Morning Vibes With Dr. Jerry - the First - Episode 302/Chronic Takers – How to Get Them Out of Your Life
Morning Vibes With Dr. Jerry - the First
Hello and welcome to
#MorningVibesWithDrJerryTheFirst-Episode 302
Title: Chronic Takers – How to
Get Them Out of Your Life
As an active, outgoing
person seeking to have more in life, you will attract all kinds of people.
Many of these people will
help you and support your goals. Some will become lifelong friends.
Some will be lovers.
Still others will teach
and/or guide you.
Good people, by and large,
attract good people.
But if, in addition to
your capacity for growth, you have a generous spirit, you will also attract
another sort of person — the Chronic Taker.
The Chronic Taker comes in
all shapes and sizes.
He may be your best friend
or a family member, an employee or a partner, a casual acquaintance, a vendor,
a customer, or even a teacher.
The Chronic Taker needs
your help, but not just once or every now and then. He needs it always.
The Chronic Taker admits
weaknesses, confesses mistakes, and identifies all his many problems.
You cannot have a
five-minute conversation with the CT without discovering some new calamity that
has beset him.
You are the CT’s
salvation. You listen. You care.

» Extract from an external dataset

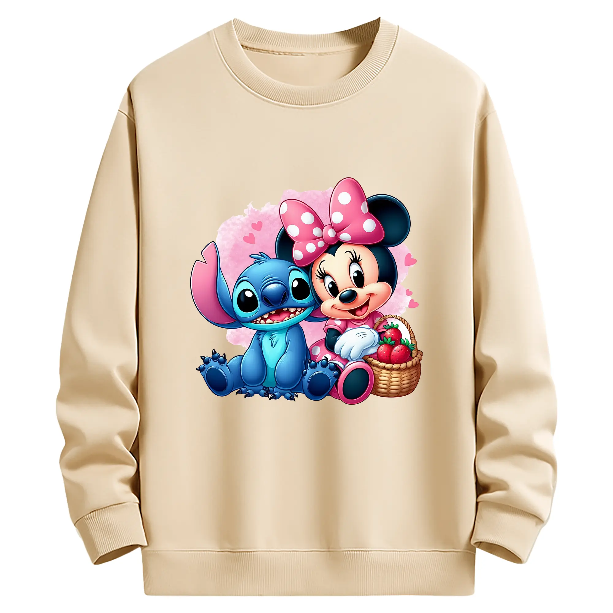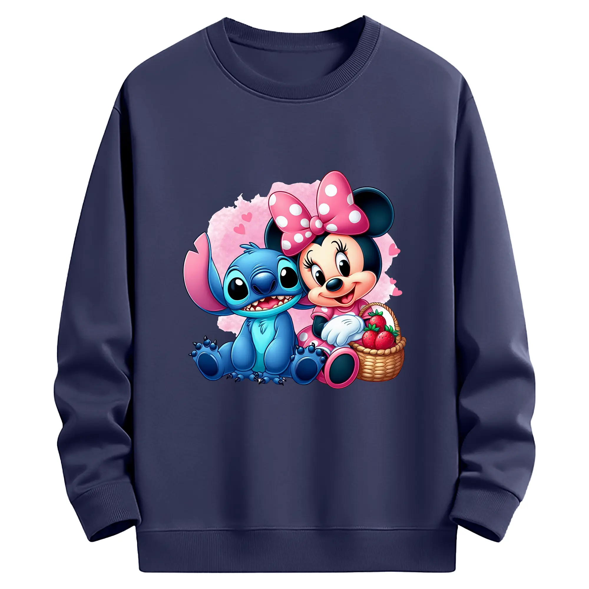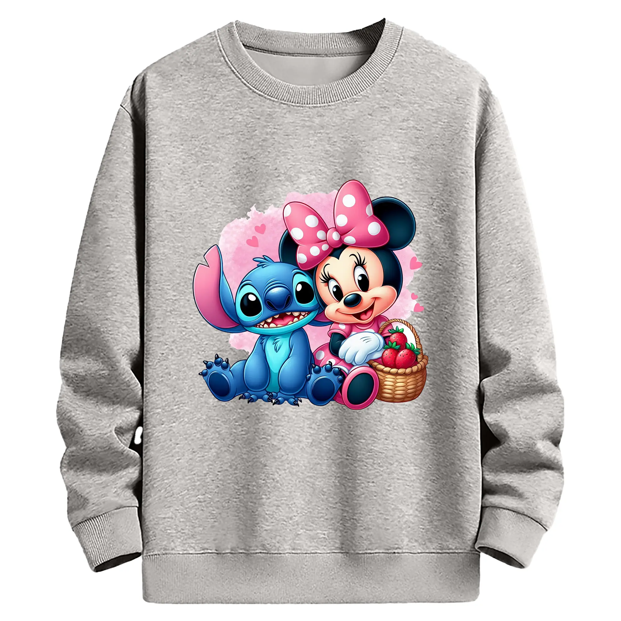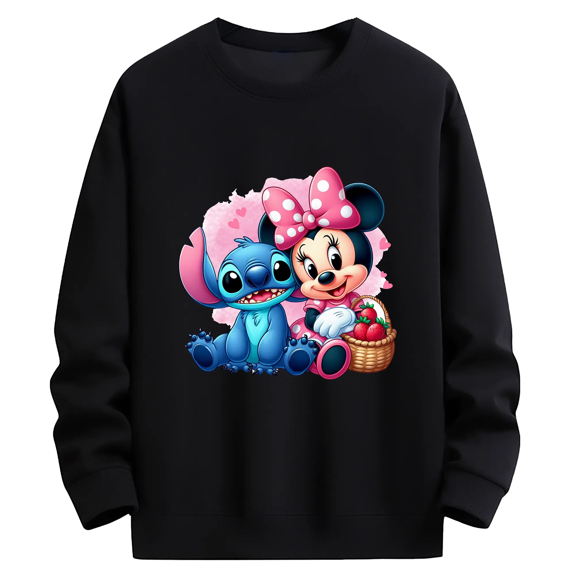 ミッキー&ミニーフラワーデザイン カラフルイラスト - 高品質 クルーネック スウェット ・ コットン59% ポリエステル41% ・ ユニセックス 長袖 トレーナー ・ カジュアル デイリー スポーツ 散歩用

You give him suggestions, make connections,
and even lend him money.
You do those things
because you think you may be the only one he can turn to and because it makes
you feel good.
The Problem With Chronic Giving
Chronic Takers are
attractive to accomplishment-oriented people for two reasons.
First, they give you the
opportunity to help — and there is nothing that feels better than helping.
Second, they come to you
with complicated problems — and there is nothing achievement-oriented people
like better than problems.
The intellectual and
emotional rewards for solving problems are almost as great as the joy in
helping.
Here’s an interesting
thing you should know about CTs:
You like them a whole lot
more than they like you.
It might surprise you to
realize that CTs almost always resent the people who help them.
I don’t know exactly where
the resentment comes from or what its ingredients are (though fear and envy
must be a part), but I have observed this reaction time and again.
The big difference between
Chronic Takers and independent people who occasionally need help is that CTs
never get themselves entirely out of trouble.
There is always something
wrong.
Always something that
needs fixing.
Despite all your best
efforts — and all your time and money and wisdom — CTs never manage to climb
out of the holes they’ve dug themselves into.
If you are a Chronic
Taker, stop being one immediately Recognize that nobody owes you anything.
Face the fact that
anything you want must be worked for and try to understand that the hard work
you need to do will give you pleasure.
If you have one Chronic
Taker in your life, you probably have half a dozen. Identify who they are.
Be sure to distinguish
between CT’s (who give back nothing) and high-maintenance partners (who give
back what they get but require a lot of extra attention to do so).
Once you have your list,
make yourself a promise that you will never again take their bait.
The next time one of your
CTs comes to you with a problem, do one of two things.
1. Sympathize, but offer
no help whatsoever.
2. Sympathize and then
tell him one of your problems.
Try either of these tricks
and you will be amazed at how fast the CT loses interest in you.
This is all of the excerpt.